Implements the full healthcheck observer that populates
`ContainerSnapshot.health` (the read-only field reserved by CHAOS-1319)
by running the configured probe inside the running container,
interpreting exit codes through a Docker-compatible state machine, and
writing the result back through the `ContainersService` actor under a
generation-gated update path.
Motivation
----------
CHAOS-1319 reserved the SDK shape (`HealthStatus` enum + optional
`health` field on `ContainerSnapshot`) but the daemon never populated
it; the field is always `nil` today, so external orchestrators (the
canonical use case is a compose-spec orchestrator implementing
`depends_on.condition: service_healthy`) can only block on
image-baked healthchecks and only when the underlying runtime owns
the probe loop. Real workloads (databases that take seconds to accept
connections, queue brokers that warm up an in-memory state) need a
container-level healthcheck observer that the daemon owns. This PR
adds it.
What this PR changes
--------------------
- Sources/ContainerResource/Container/Healthcheck.swift (new):
public Codable / Sendable struct mirroring the Docker / compose-spec
schema (`test`, `interval`, `timeout`, `retries`, `start_period`,
`start_interval`, `disable`). Validates the probe shape (`NONE` /
`CMD` / `CMD-SHELL`) and rejects malformed inputs with actionable
error messages.
- Sources/ContainerResource/Container/ContainerConfiguration.swift:
new optional `healthcheck: Healthcheck?` field, `decodeIfPresent`
on the wire so legacy on-disk configurations decode unchanged.

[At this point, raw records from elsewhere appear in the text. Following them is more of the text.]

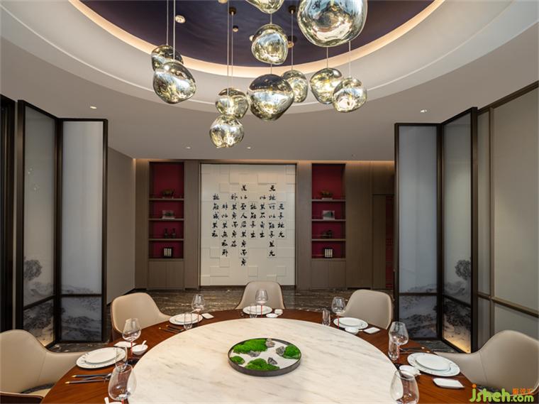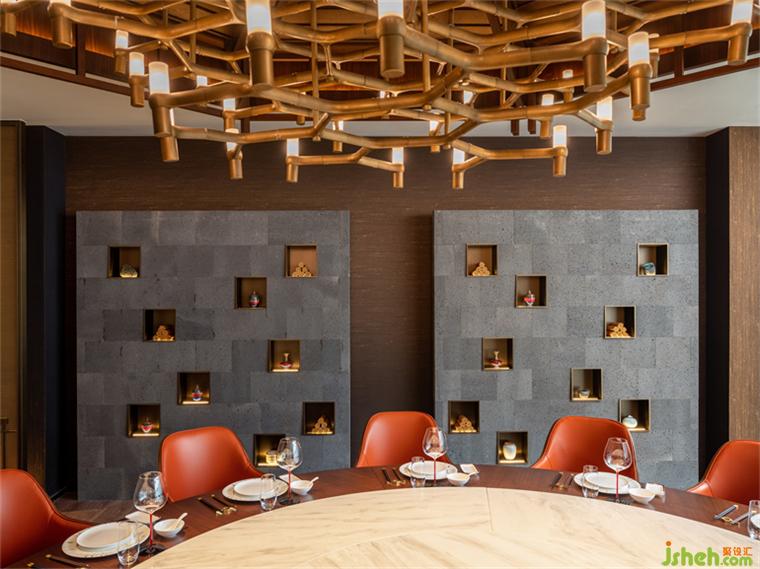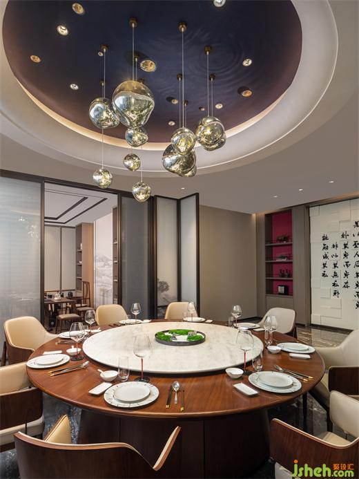 “兩岸潮涌,滄海一笑”,隱于紅塵之間,笑看人生百態(tài),這正是道家所倡導的入世姿態(tài)。深南道會所設計師正是抓住了這一理念,在空間設計上付諸巧思,將宴會區(qū)的燈飾設計為六角亭臺的造型,使客人感受到蘭亭集會的文人雅趣,暢享置酒會友、對飲和歌的快意豪情。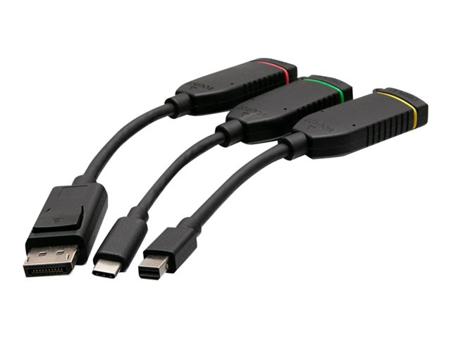 | Antall inkludert x Type | Video adapter - Mini DisplayPort (hann) til 19-pin HDMI type A (hunn) Video adapter - 20-pins DisplayPort (hann) til 19-pin HDMI type A (hunn) Video adapter - 24-pins USB-C (hann) til 19-pin HDMI type A (hunn) |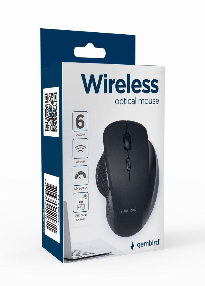 Gembird MUSW-6B-02. Factor de forma: mano derecha. Tecnología de detección de movimientos: Óptico, Interfaz del dispositivo: RF inalámbrico, Resolución de movimiento: 1600 DPI, Tipo de botones: Botones presionados, Cantidad de botones: 6, Tipo de desplazamiento: Rueda. Fuente de energía: Baterías. Color del producto: Negro

- Sources/Services/ContainerAPIService/Server/Containers/
HealthStateMachine.swift (new): pure value type that maps probe
outcomes to `HealthStatus`. Implements the Docker-compatible flow:
initial `.starting`, immediate transition to `.healthy` on the
first successful probe (including during the `start_period` grace
window), `retries` consecutive failures post-grace transition to
`.unhealthy`, recovery to `.healthy` without restart.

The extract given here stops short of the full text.